A demissão também foi o ponto final no emprego da auxiliar de enfermagem A.O., 24. "A chefe de enfermagem era linha-dura, e eu sempre fui carinhosa com os pacientes. Ela começou a implicar com isso e daí pra reclamar até dos meus sapatos foi um pulo."

Padrão
Neusa Miguel, psicóloga da consultoria Arquitetura Humana, aponta a chefia como um fator de interferência determinante nos padrões de comportamento e de atitudes de um funcionário.
Ela explica que o PI (Predictive Index), método aplicado pela consultoria em empresas como Zoomp, Vivara e GM, permite que se chegue a referências de "como a pessoa é, como tenta ser e como está sendo, considerando a influência do cargo que ocupa e da chefia a quem está submetida".
"Um erro comum dos gestores é achar que o [padrão] bom para eles é bom para todos. Aí reside o dever maior de quem supervisiona. É preciso enxergar o potencial do profissional de forma isolada do conflito interpessoal", diz.
Na Natura, um método de avaliação minimiza o risco de julgamento tendencioso. Uma das etapas de análise do desempenho dos colaboradores é feita em conjunto por mais de um superior que tem contato com o analisado.
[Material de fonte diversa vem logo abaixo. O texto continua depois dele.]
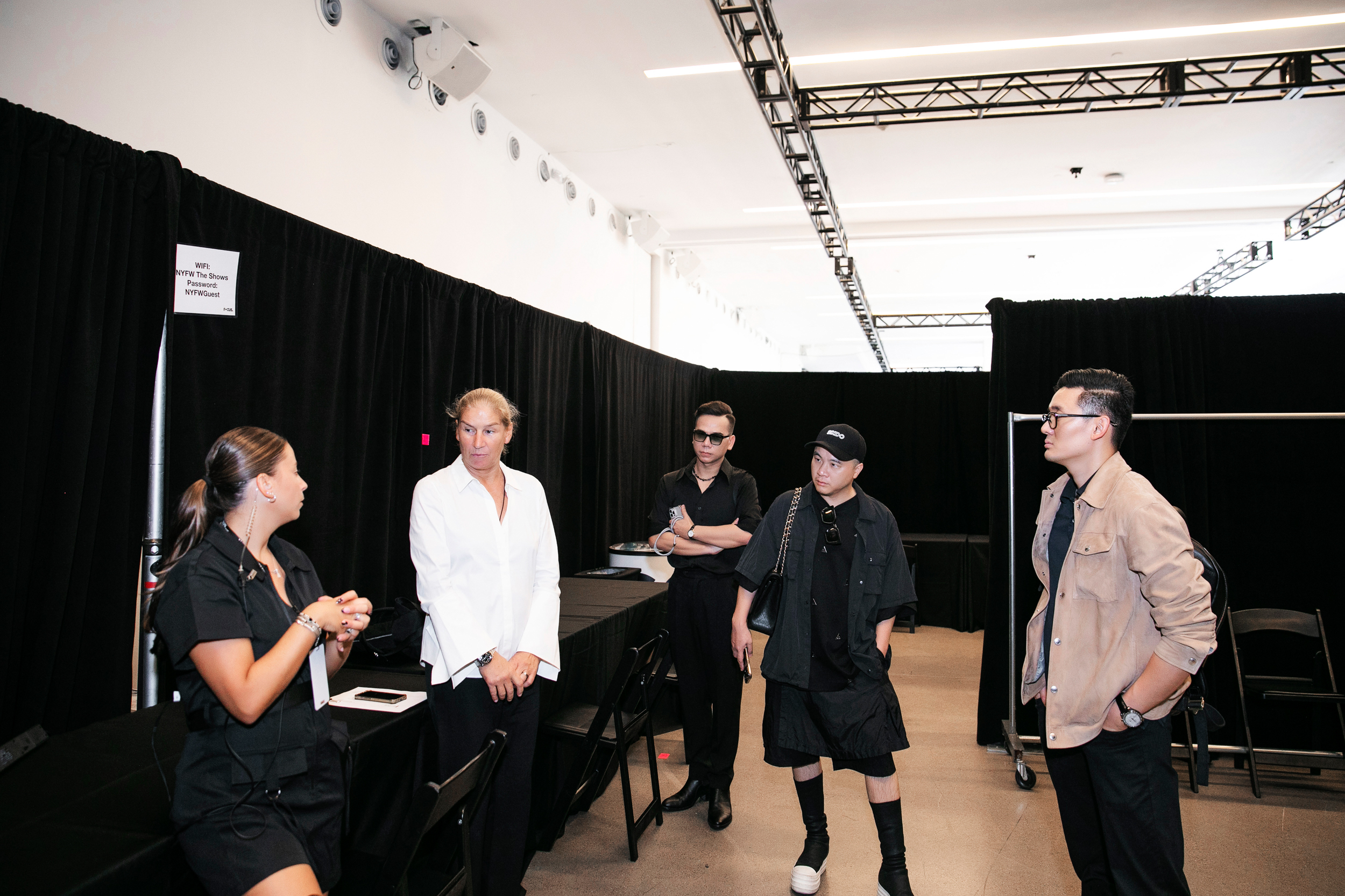 Theo quy định, đến sáng ngày 10/9 (theo giờ Mỹ), phía NTK Đỗ Mạnh Cường mới bắt đầu được mang trang phục, phụ kiện… vào địa điểm trình diễn. Ê-kíp được sử dụng nơi này trong khoảng 6 tiếng, cho đến khi hoàn thành show.

"As avaliações são cruzadas, e uma impressão coletiva é construída. Se é percebida maior insistência de um chefe, tanto em elogiar quanto em criticar alguém, isso é investigado", diz Flavio Pesiguelo, 33, gerente de planejamento e desenvolvimento de RH. Com isso, vários colaboradores já foram transferidos para posições em que seu perfil pode ser mais bem aproveitado.
Considerar a personalidade do funcionário para direcionar sua carreira, em geral, resulta em bem-estar. Um exemplo é Jorge Macioni, 45, que atuava como gerente-geral numa loja de música.
"Tinha a sensação de que estava preso ali." Durante uma consultoria, sua afinidade com vendas personalizadas foi detectada, e a empresa criou um cargo para ele: gerente de clientes especiais. "Ganhei liberdade e a chance de criar, que é o que mais prezo."